Yazarın Odası: Elif Burcu Özkan | Meltem Dağcı

Şubat 6, 2025

Yazarın Odası: Elif Burcu Özkan | Meltem Dağcı

Edebiyatçıların yaşamlarını, yazdıkları mekânları, son zamanlarda okuduğu kitapları bu defa yakınlarının gözünden mercek altına almaya çalıştık. Yazar Elif Burcu Özkan’ı, arkadaşı Soner Sancaktepe ile konuştuk.

1)Yazılarını nerede yazar? Yazarken denk geldiğinizde o an yaşadığınız ilginç bir anınız oldu mu?

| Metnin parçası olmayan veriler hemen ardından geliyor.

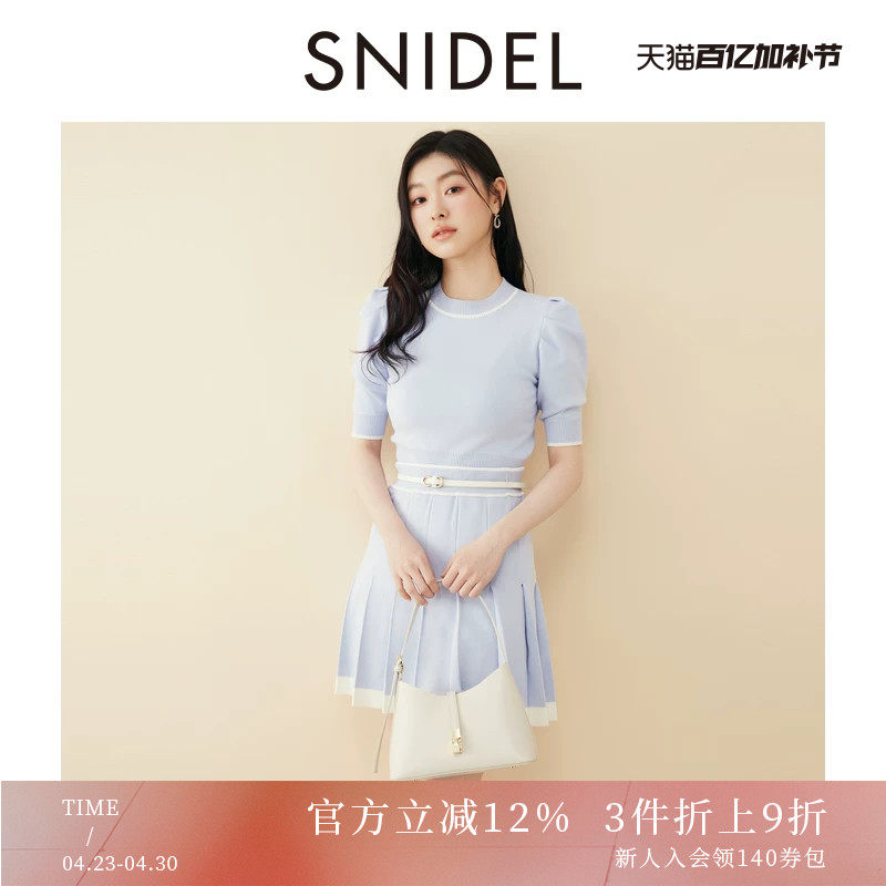 SNIDEL春夏款圆领中袖针织衫百褶半身短裙套装SWNO251139

Elif ile gün içerisinde beraber vakit geçirdiğinizde zihninin bir yanının sürekli olarak gördüklerini yazınsal bir mesele olarak algıladığını fark edersiniz. Sanki kendine has imgesel bir alanda duyumsuyor her şeyi. Aklı ve duyarlılığı gün boyu biriktiriyor. Onu hiç yazarken görmedim. Her yerde, özellikle de mutfakta, balkonda, deniz kenarında ve doğada yazmayı seviyor, diye biliyorum. Birçok yazar gibi o da yazarken yalnızlığı tercih ediyor. Çocuksu merakı ile günü izlediği, duyumsadığı anlara şahit oldum. Karanlık bir sokakta yaşam mücadelesi veren bir köpeğin tedirgin yürüyüşünü uzun uzun izlediği bir ânı anımsıyorum. Gözleri akşam yazı masasında kâğıda dökeceği kelimeleri, duyguları izliyor gibidir. Bu, sokaktaki bir çocuğun neşesi de olabilir, yaşlı bir insanın hayli yorgun mücadelesini yansıtan zorlu bir an da. Gören bir göz olarak ince şeyleri duyumsar.

2) Arkadaşınızla yazı/okuma üzerine neler paylaşırsınız?

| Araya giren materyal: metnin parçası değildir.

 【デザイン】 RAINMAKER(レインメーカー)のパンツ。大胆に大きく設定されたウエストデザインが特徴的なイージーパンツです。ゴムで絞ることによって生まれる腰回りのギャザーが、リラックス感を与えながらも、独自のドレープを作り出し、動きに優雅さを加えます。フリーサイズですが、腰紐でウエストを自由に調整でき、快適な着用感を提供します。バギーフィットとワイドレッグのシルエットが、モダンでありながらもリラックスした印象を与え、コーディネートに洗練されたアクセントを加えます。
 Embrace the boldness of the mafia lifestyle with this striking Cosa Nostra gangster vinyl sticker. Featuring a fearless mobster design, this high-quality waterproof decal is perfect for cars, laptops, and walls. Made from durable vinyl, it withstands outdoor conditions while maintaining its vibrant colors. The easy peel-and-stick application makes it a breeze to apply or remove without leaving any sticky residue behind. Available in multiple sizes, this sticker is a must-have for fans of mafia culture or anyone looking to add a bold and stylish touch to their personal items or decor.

Okuduğu kitapların ya da izlediği filmlerin onda uyandırdığı her şeyi ayrıntısı ile paylaşmayı çok sever. Şiir ve felsefe üzerine verimli sohbetlerimizde, okuduğum metinlerde beni yakalayan şeyin ne olduğunu merak eder. Kelimelerin okurdaki karşılığını anlama çabası gibi bir şey bu sanırım. Hem metnin kendisine hem metni okuyana sorular sorar.

3)Yazdıklarıyla ilgili sizden ne tür fikir/ öneri alır?

Fikir ve öneri olarak belirgin bir beklentisi yoktur. Ama yazdıklarının bir ötekine nasıl geçtiğini, ne hissettirdiğini ne düşündürdüğünü hep merak eder. Sanki bir iletişim kurma çabası içinde gibidir. Ne anlatmak istedi? Ona bu dizeleri ya da cümleleri yazdıran şey ne idi ve okuyana bu ne şekilde geçti? Bu tür şeyleri önemser. Yazdıklarını kendi sesinden dinlediğinizde kelimelere verdiği duygu değeri çok daha belirginleşir.

4)Yazı yazarken vazgeçemediği ritüelleri nelerdir?

Kedileri ve kahvesi veya bitki çayları ile sessizlik içinde, bazen de müzik eşliğinde yazdığını biliyorum. Belirgin bir ritüeli varsa da bilmiyorum. Ama aynanın karşısına geçip kendine bakma ânı gibi özenli bir giyimle masaya oturduğuna eminim, diyebilirim. Onun ev giysileri ile yazı masasına oturmadığına eminim. Derli toplu bir odada, muhtemelen bir törene katılır gibi özenli çalışmayı seviyordur. Ütülü ve temiz giysilerle yazı masasında çalıştığını karakteri bana söyler.

5)Son olarak, elinde en son gördüğünüz kitapları öğrenebilir miyiz?

Aynı anda birçok ve farklı türlerden kitaplar okur. Ama en son konuştuğumuzda, kendisi de bir öykü kitabı yazdığı için son dönemde ağırlıklı olarak öykü kitapları okuduğunu söylüyordu.